Au-delà de l'équinoxe du printemps 5

Les militaires étaient toujours sur leurs traces, évidemment. Accroupi derrière un buisson de fougères, Daryl observait leur campement à l'aide d'une paire de jumelles. Il pouvait compter neuf hommes en tout, bien armés et, à n'en pas douter, bien entrainés. Leur groupe ne faisait clairement pas le poids. Les militaires avaient déployé une carte sur le capot d'une voiture. L'un d'eux parlait aux autres en se référant régulièrement à la carte, une sorte de débriefing surement, dont le but était de mettre la main sur Hakim, Daryl en était certain. Mais pourquoi voulaient-ils Hakim, pourquoi y mettre tant d'acharnement? Il était plus que temps d'obtenir des réponses claires à ces questions. Et Hakim était le seul à pouvoir les fournir. Malheureusement, les interrogatoires de Daryl avaient été vains. Le type était malin, ses réponses évasives jouaient sur les mots, ses semi-vérités étaient convaincantes. Daryl avait compris qu'il n'obtiendrait rien qui vaille par la force et qu'il ne faisait pas le poids pour jouer au plus fin avec Hakim. De là à penser que Daryl n'obtiendrait jamais rien du tout, il n'y avait qu'un pas, aisément franchissable. Mais si Daryl ne pourrait jamais lui tirer les vers du nez, quelqu'un d'autre était en mesure de le faire. Et ce quelqu'un d'autre, c'était Carol. Avec l'amitié grandissante - et déplaisante - qui la liait à Hakim, elle occupait une position privilégiée. Sa patience, son empathie et son air inoffensif ne pouvaient que l'aider dans cette tâche. Il fallait que Daryl parle de tout cela à Rick au plus vite, qu'il fasse le rapport de son observation du campement des militaires et qu'il réussisse à convaincre Rick d'envoyer Carol en mission. Discrètement, Daryl s'extirpa de sa cachette et refit le bout chemin qui le mènerait à sa moto pour retourner à son groupe.
La scène qui l'attendait au campement postposa ses projets. Une horde immense de rôdeurs était sur le point de déferler sur l'ancienne papeterie qui servait momentanément de refuge au groupe. La tête du cortège était d'ailleurs déjà sur place. Lori, Hershel et Carl étaient déjà dans les voitures. Glenn, Hakim, T-Dog et Rick repoussaient les premiers assaillants. Carol, Beth et Maggie couraient, chargées des quelques affaires qui avaient été déménagées dans le bâtiment. Daryl se précipita vers eux à plein gaz. Le temps qu'il arrive à eux, tout le monde était à l'abri des habitacles des voitures. Sauf Rick qui fracassait encore quelques crânes, à deux pas de la portière conducteur.
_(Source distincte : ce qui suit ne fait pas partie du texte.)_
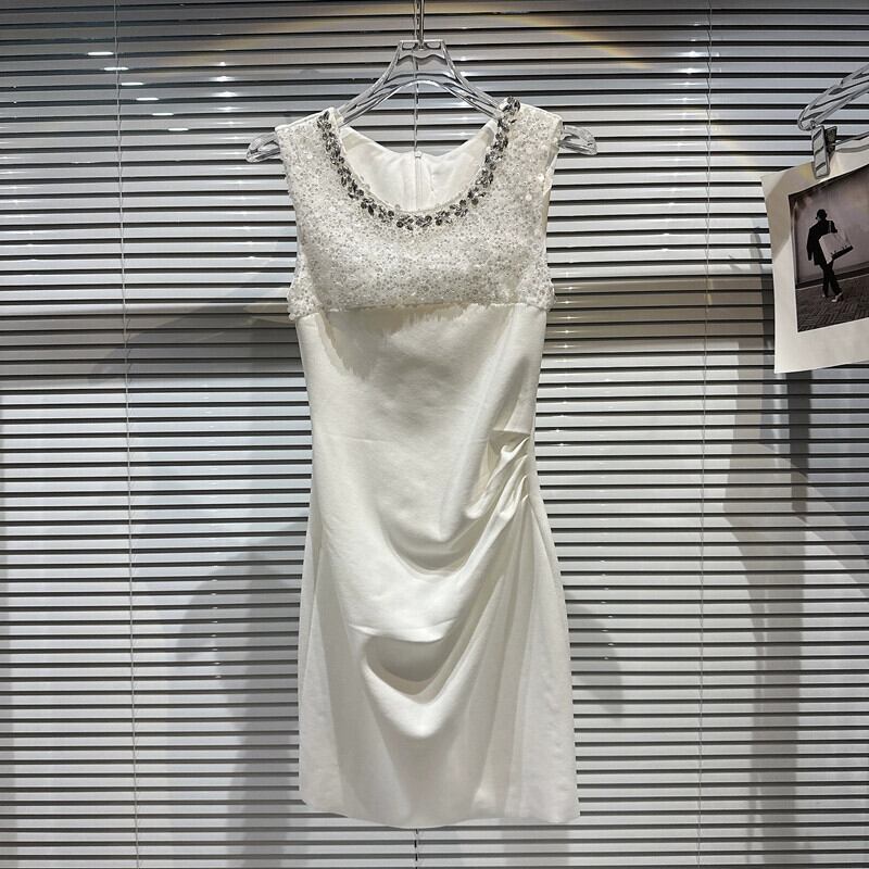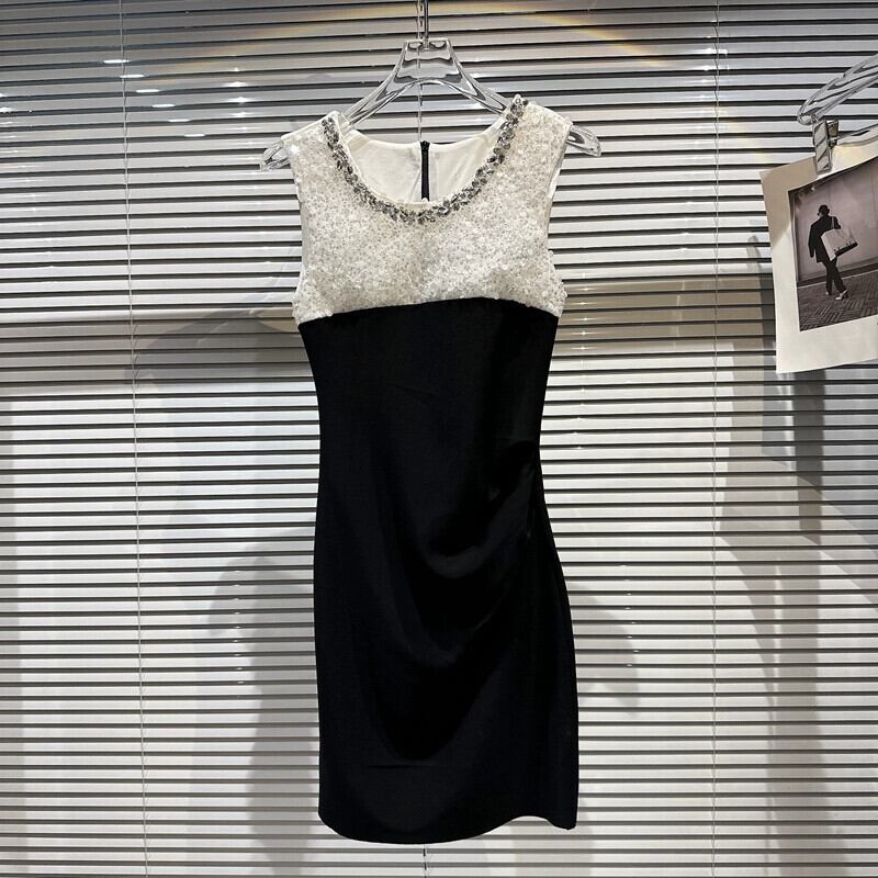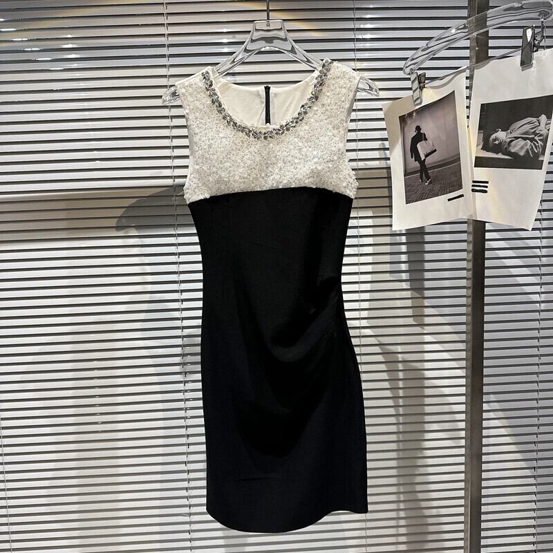 インターネット有名人の同じ2024夏の新しいスタイルの小さな香りのよいラインストーンビーズの襟スパンコールパッチワークウエストスリムドレス サマー 夏物 gyan3352369637364 | vestitialla
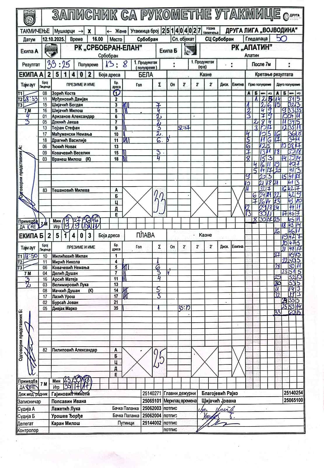 А судија: Лука Лажетић Б судија: Ђорђе Урошев Делегат: Милош Каран |
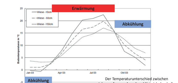 Wärmepumpen sind ein sehr effektives Mittel zur Wärmegewinnung, vor allem dann, wenn die Wärmequelle nahezu unerschöpflich ist wie Luft, fließendes Grundwasser oder Geothermie. Kritischer muss man oberflächennahe Wärmekollektoren im Boden sehen. Betrachtet man Strahlungs- und Energieflüsse im Klimasystem, wie sie in jedem Meteorologie- oder Klimatologiebuch enthalten sind, so vermisst man Angaben zum Boden. Ursache ist, dass der Boden sich im Sommerhalbjahr erwärmt und diese Wärme im Winter wieder an die Luft bzw. zur Verdunstung von Wasser abgibt. Es findet also kein Energiegewinn statt. Im Tagesgang erwärmt sich der Boden von Sonnenaufgang und Sonnenuntergang und danach kühlt er sich wieder ab. Da im Sommer in unseren Breiten bis zu 15 Stunden Sonnenschein sind, erwärmt sich der Boden besonders stark. Wegen der geringen Wärmeleitung des Bodens kommt diese Wärme in 10 m Tiefe aber erst im Winter an. Im Winter mit nur maximal 7 Std. Sonnenschein kühlt sich der Boden besonders stark ab, zumal der Einfallswinkel der Sonne gering ist und es häufig trüb ist. Somit haben wir eine Erwärmung des Bodens von Ende März bis Anfang September und eine Abkühlung im Winterhalbjahr. Dieser Sachbestand ist seit etwa 100 Jahren in den entsprechenden Fachbüchern und der Fachliteratur dokumentiert.
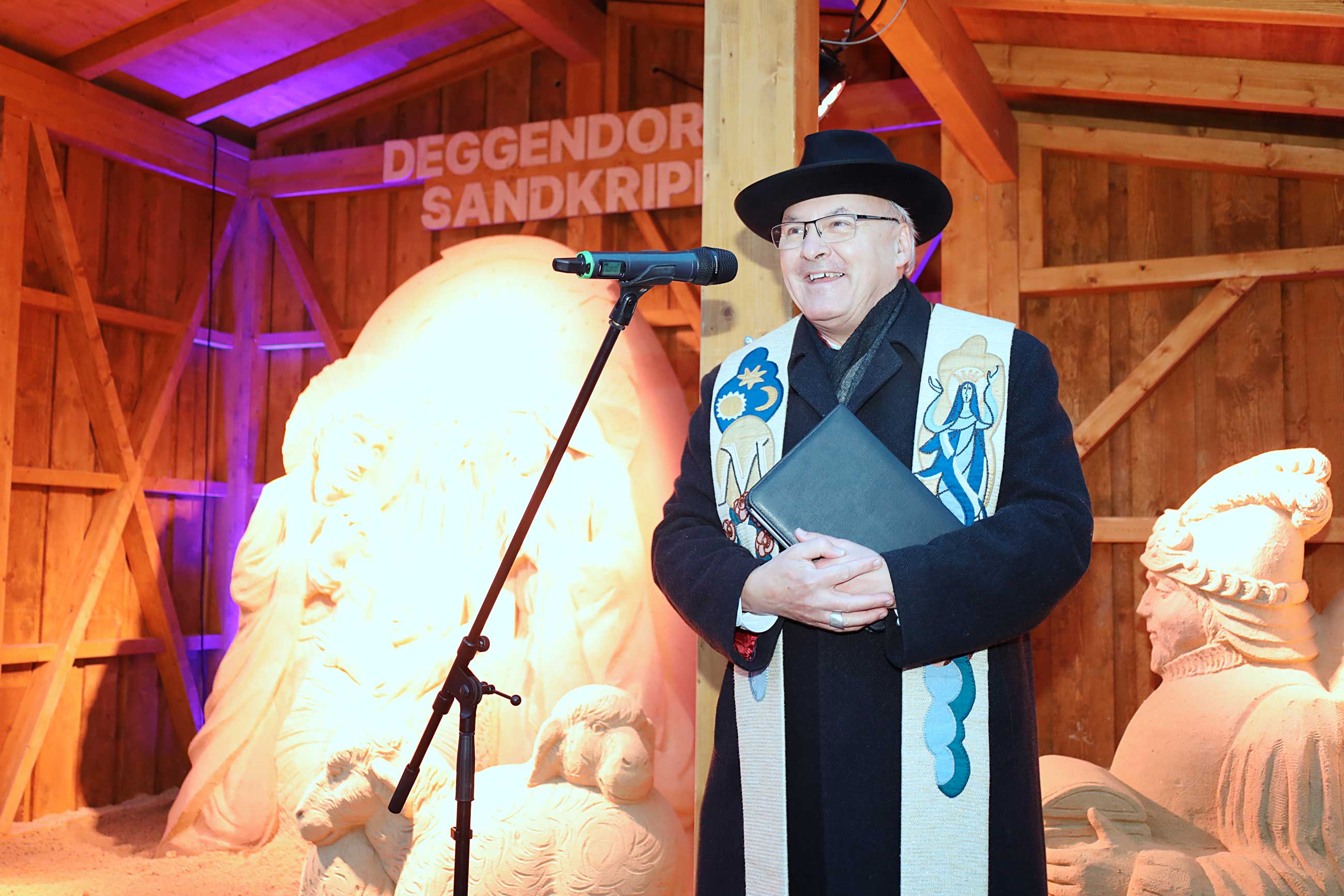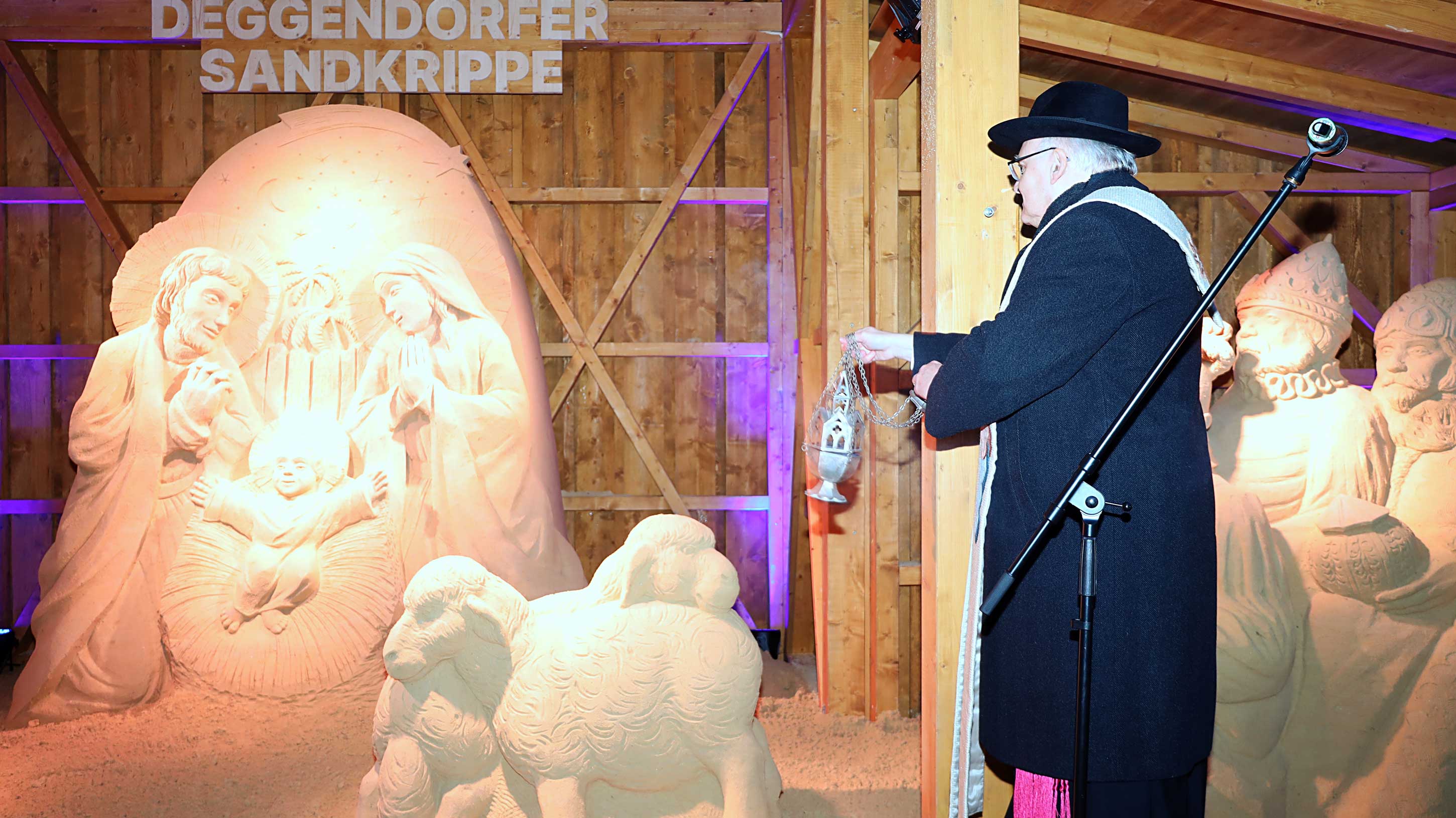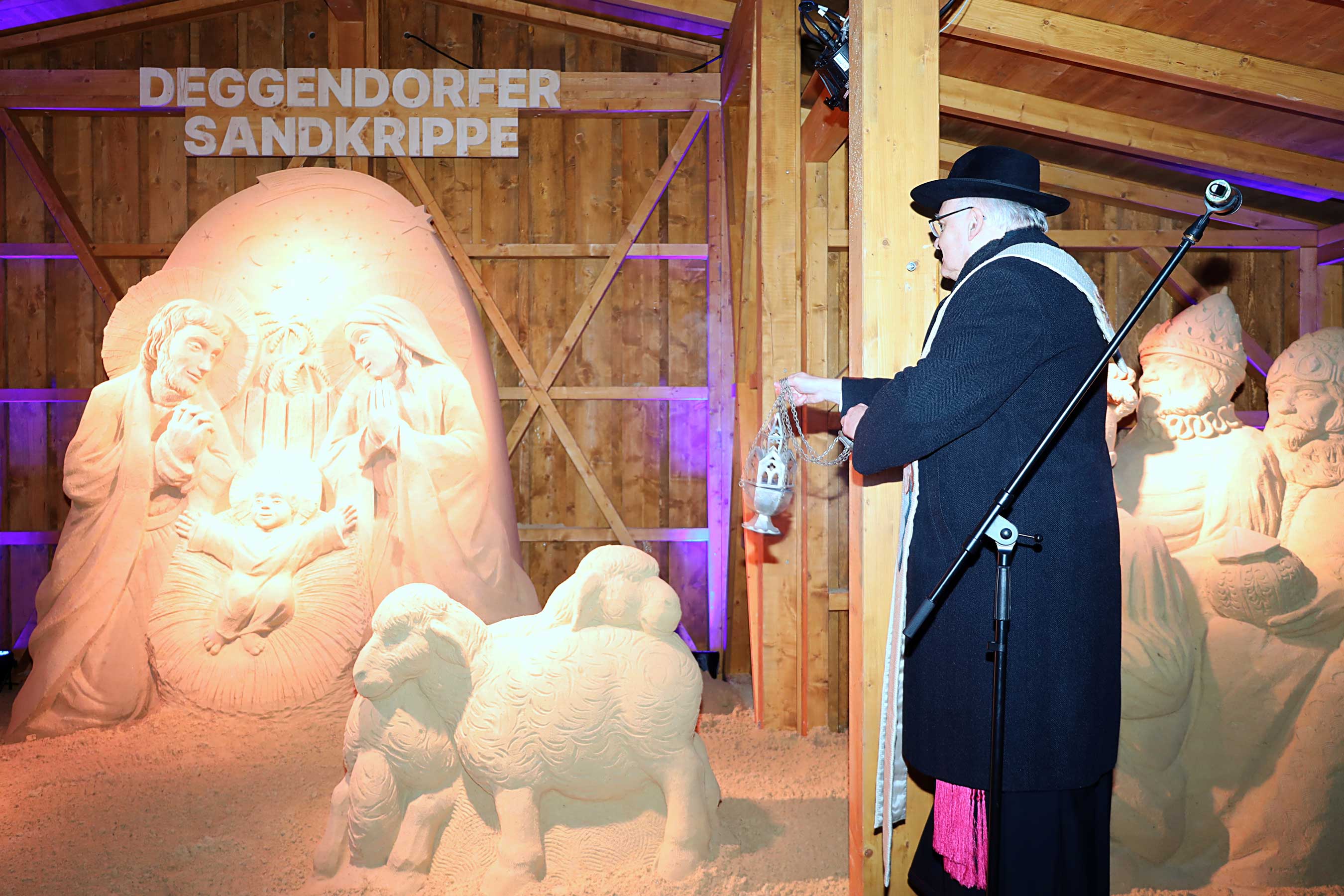 Als bekennender Krippenfreund war Diözesanbischof Dr. Rudolf Voderholzer am ersten Adventssonntag nach Deggendorf gereist. Er gratulierte der Stadt zur „wahrscheinlich größten Sandkrippe Deutschlands“. Fasziniert zeigte sich der Bischof von der handwerklichen Leistung. Er zog einen Vergleich zur klassischen Bildhauerei: Es sei wie beim Marmor, man müsse „nur das Überflüssige wegschlagen“, scherzte er anerkennend über die gestampften Sandblöcke, aus denen die Figuren herausgearbeitet wurden.

Et sauf Hakim qui s'était laissé entrainer assez loin des voitures. Et qui était maintenant encerclé de rôdeurs. Il se débattait furieusement. Mais il ne tiendrait pas longtemps. Et jamais il ne parviendrait à se frayer un chemin jusqu'à la voiture la plus proche. Daryl n'hésita pas. Même pas une fraction de seconde. Il fonça droit sur Hakim. Dégagea les zombies qui entravaient son chemin. Dans la cacophonie des râles et des vrombissements de son chopper, Daryl perçut le bruit des moteurs des autos qui s'éloignaient. Les autres étaient partis. Ils n'avaient pas eu le choix. Daryl arriva bientôt aux côtés d'Hakim. Il utilisa son couteau pour achever quelques rôdeurs dangereusement proches. Hakim continuait à asséner de grands coups de batte autour de lui. Il tourna la tête vers Daryl. Leurs regards se croisèrent. Vite. Hakim jugea rapidement la distance et les obstacles jusqu'à la moto. Encore quelques coups de batte. Il enfourcha le chopper, derrière Daryl. Mais quelque chose le retenait. Un zombie avait agrippé sa manche droite. Impossible d'utiliser la batte. Les dents pourries du rôdeur étaient à quelques centimètres à peine de sa peau. Hakim secoua frénétiquement le bras pour le faire dégager. Coup de couteau de Daryl, dans la tempe. Le zombie céda. Daryl remit des gaz. Ils avançaient. Hakim enlaça étroitement la taille de Daryl de son bras gauche. De sa main droite, il envoyait sa batte en tous sens, percutant encore quelques crânes au hasard.
Une fois éloignés de la horde, Hakim replaça la batte dans son sac à dos entrouvert, à tâtons. Et, comme ils prenaient de la vitesse, il serra également la taille de Daryl de son bras droit. Mais il sentit bientôt la main de Daryl agripper la sienne et la repousser vers l'arrière. A l'aveuglette, la main d'Hakim trouva une chose à laquelle s'accrocher, légèrement derrière lui. Ah, il y avait donc des poignées à cette moto! Il déroula son deuxième bras pour libérer Daryl et saisit la seconde poignée, de l'autre côté, sentant le rouge lui monter aux joues. Ils roulèrent ainsi pendant cinq bonnes minutes jusqu'à ce que Daryl ralentisse. Devant eux, un tronçon de route était complètement bloqué. Deux camions renversés entravaient la chaussée. De nombreux véhicules emboutis avaient été abandonnés de part et d'autre de ces camions.
Daryl s'arrêta tout à fait, les deux pieds au sol, et fit signe à Hakim de descendre. Daryl l'imita et fit sortir d'un coup de bottine le pied de la moto. Il fit quelques pas en scrutant le sol.
« Qu'est-ce qu'on fait? » Hakim faisait clairement un gros effort pour paraitre calme et contrôler la panique au fond de sa voix.
Daryl releva la tête. « Les autres sont pas passés par ici. Ils ont dû bifurquer avant. »
Un rôdeur parut sur le bas-côté de la route. Hakim sortit sa batte, s'élança et lui asséna un bon coup dans la tête. « Qu'est-ce qu'on fait? » répéta-t-il stupidement. « Comment on va les retrouver? » Ce n'était pas qu'il n'avait pas confiance en les capacités de traqueur de Daryl, mais bon, des bagnoles sur la route, ça ne laissait quand même pas des traces comme le gibier dans les bois, si?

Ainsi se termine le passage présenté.